_EXERCISE MATERIAL_.
▽

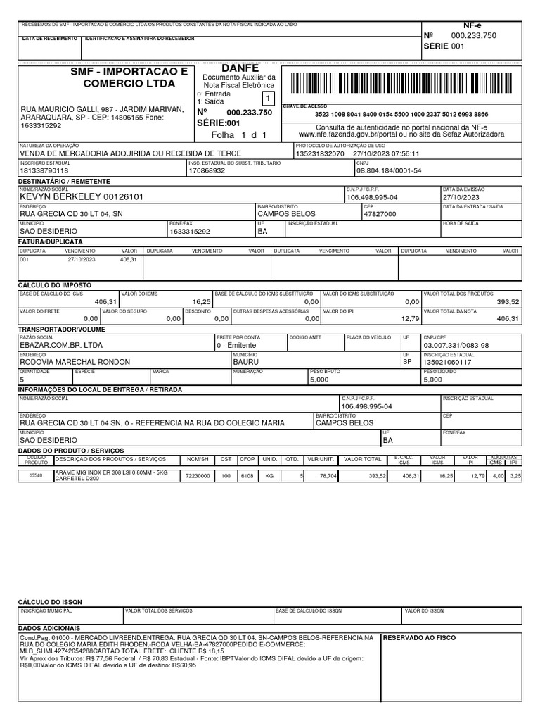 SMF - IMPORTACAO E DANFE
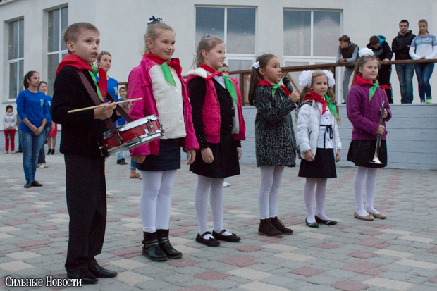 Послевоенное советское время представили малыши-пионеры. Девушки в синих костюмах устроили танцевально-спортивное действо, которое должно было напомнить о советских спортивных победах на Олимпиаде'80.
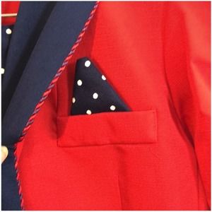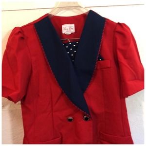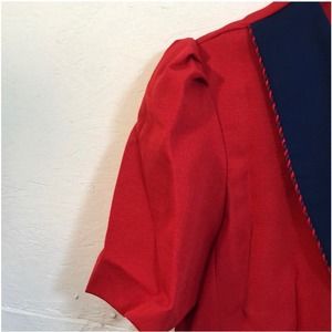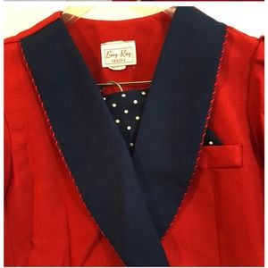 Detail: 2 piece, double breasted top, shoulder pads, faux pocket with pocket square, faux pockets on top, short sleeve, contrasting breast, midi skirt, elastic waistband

△
▽

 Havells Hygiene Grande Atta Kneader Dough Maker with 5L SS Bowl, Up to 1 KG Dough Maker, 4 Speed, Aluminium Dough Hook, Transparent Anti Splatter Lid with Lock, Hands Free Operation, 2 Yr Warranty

△
▽

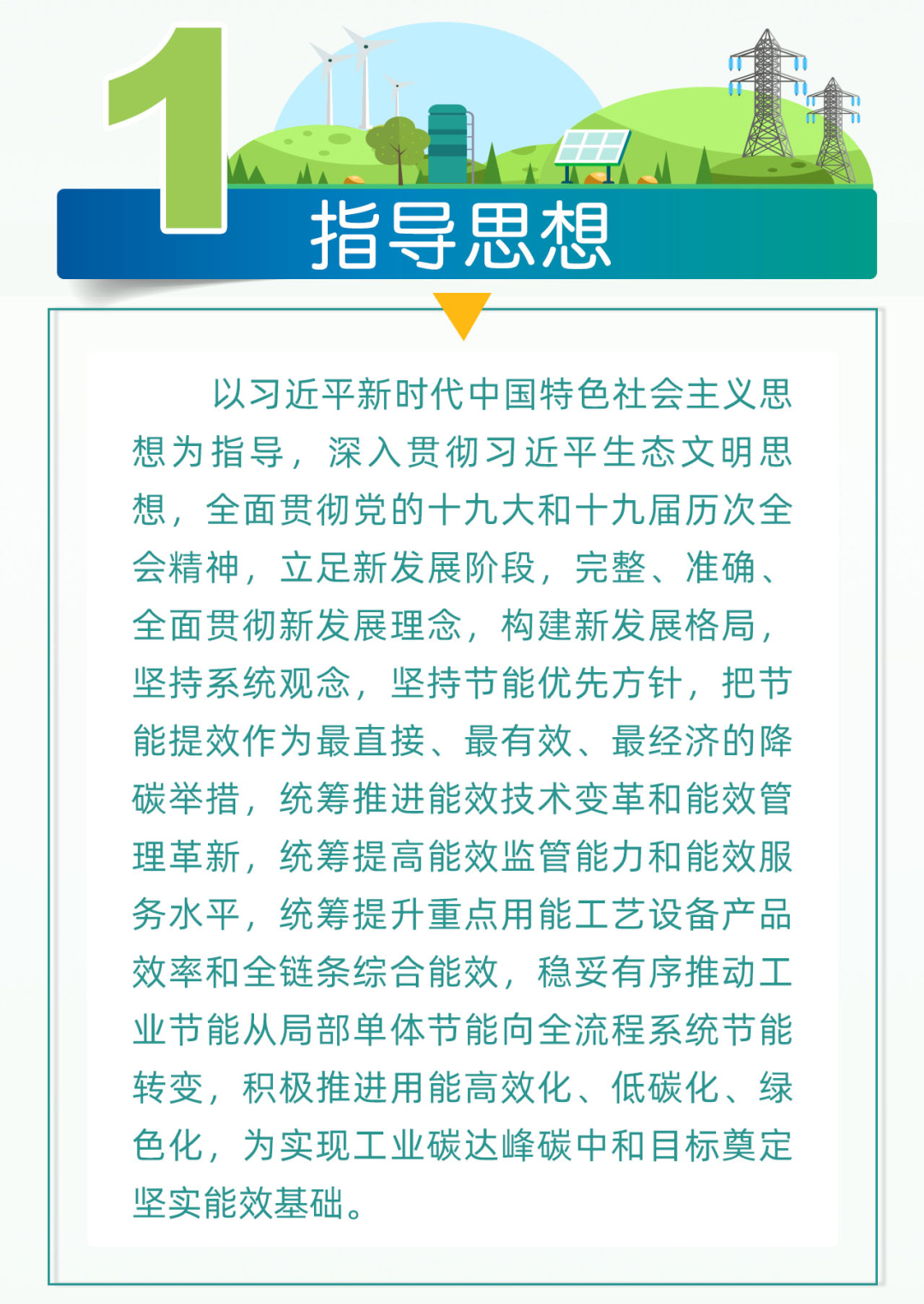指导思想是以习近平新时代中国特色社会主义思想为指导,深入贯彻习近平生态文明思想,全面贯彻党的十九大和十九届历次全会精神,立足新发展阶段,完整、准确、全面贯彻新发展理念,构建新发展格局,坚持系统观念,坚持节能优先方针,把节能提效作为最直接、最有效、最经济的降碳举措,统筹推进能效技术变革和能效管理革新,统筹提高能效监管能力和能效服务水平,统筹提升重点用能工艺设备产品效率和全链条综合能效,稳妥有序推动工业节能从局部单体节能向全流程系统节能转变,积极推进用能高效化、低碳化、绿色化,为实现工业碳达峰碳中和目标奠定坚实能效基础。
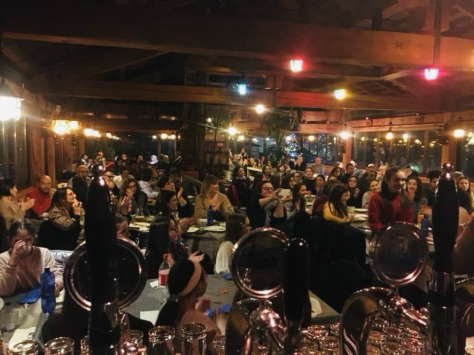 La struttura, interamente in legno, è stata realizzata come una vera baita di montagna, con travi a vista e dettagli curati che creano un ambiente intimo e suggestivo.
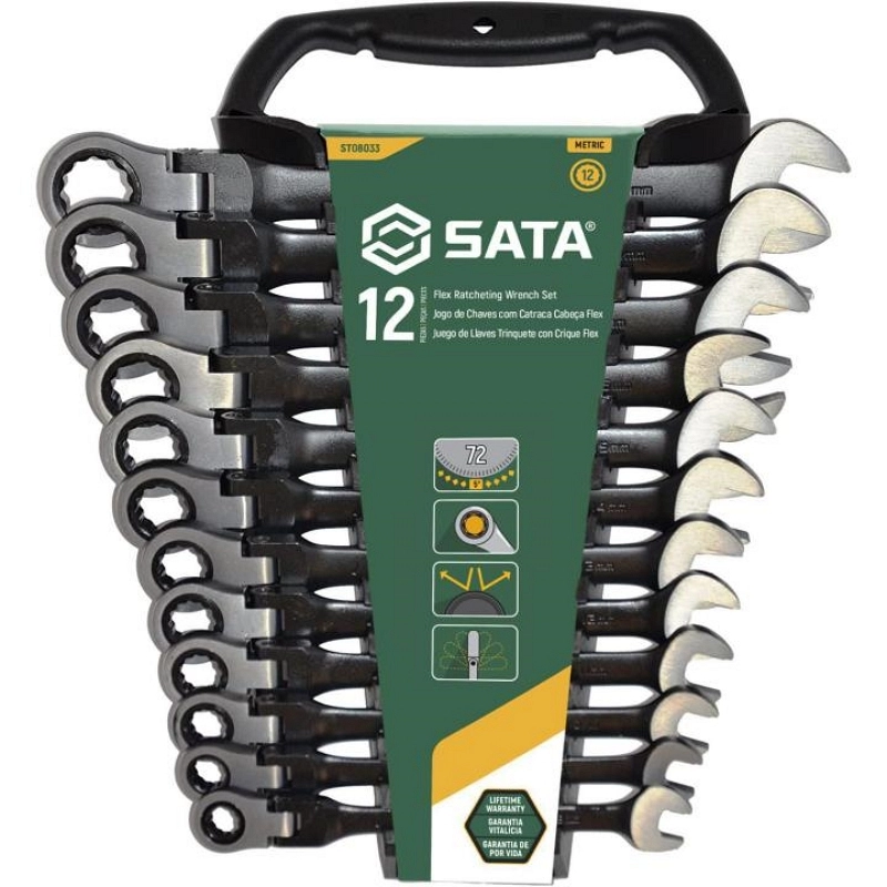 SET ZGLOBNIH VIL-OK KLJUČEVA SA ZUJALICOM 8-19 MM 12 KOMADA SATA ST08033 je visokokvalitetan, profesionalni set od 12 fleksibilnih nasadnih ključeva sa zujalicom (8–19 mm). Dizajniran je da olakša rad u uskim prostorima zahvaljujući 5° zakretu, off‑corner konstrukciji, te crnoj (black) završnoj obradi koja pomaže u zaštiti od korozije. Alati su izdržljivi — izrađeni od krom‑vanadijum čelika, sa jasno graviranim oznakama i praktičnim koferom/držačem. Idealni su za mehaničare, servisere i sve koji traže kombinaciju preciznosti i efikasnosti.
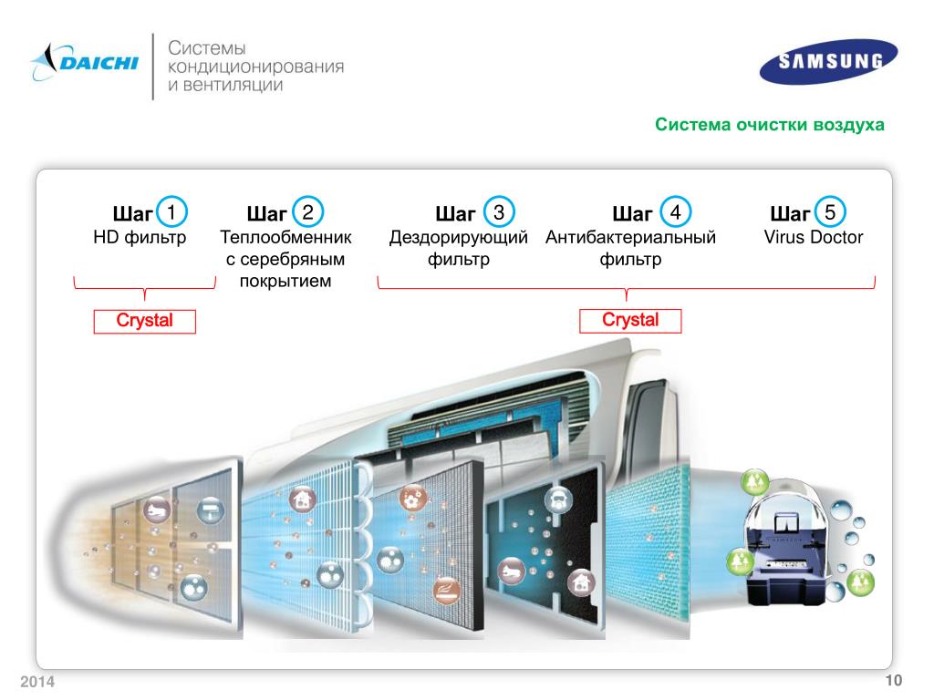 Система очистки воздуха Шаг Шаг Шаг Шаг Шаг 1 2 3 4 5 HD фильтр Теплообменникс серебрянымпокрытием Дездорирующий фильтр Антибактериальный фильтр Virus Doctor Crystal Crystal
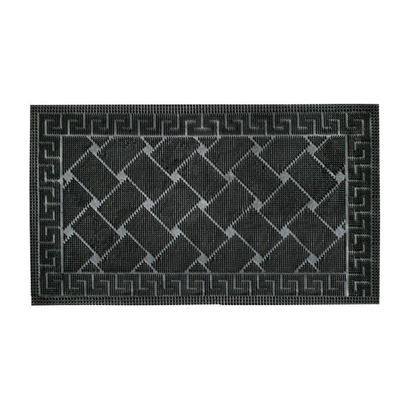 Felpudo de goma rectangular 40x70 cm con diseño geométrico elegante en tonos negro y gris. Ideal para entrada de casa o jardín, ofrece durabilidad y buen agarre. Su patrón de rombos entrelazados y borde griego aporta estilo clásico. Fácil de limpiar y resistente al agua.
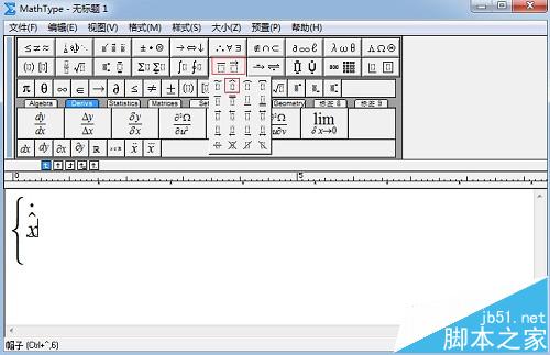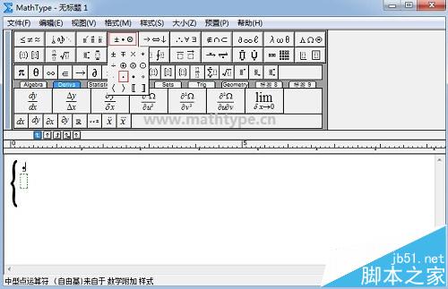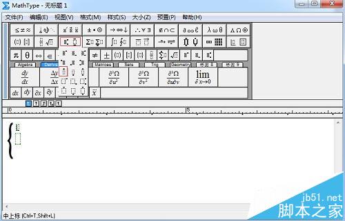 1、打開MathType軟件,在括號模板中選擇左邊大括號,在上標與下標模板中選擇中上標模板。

△

_AIM OF THE TASK_.
Every line above in the stretch from the one with "SMF - IMPORTACAO E DANFE" through the one with "Detail: 2 piece, double" is to be transcribed exactly, ends included. No picture is copied.

_WRITTEN RESPONSE_.
 SMF - IMPORTACAO E DANFE
 Послевоенное советское время представили малыши-пионеры. Девушки в синих костюмах устроили танцевально-спортивное действо, которое должно было напомнить о советских спортивных победах на Олимпиаде'80.
 Detail: 2 piece, double breasted top, shoulder pads, faux pocket with pocket square, faux pockets on top, short sleeve, contrasting breast, midi skirt, elastic waistband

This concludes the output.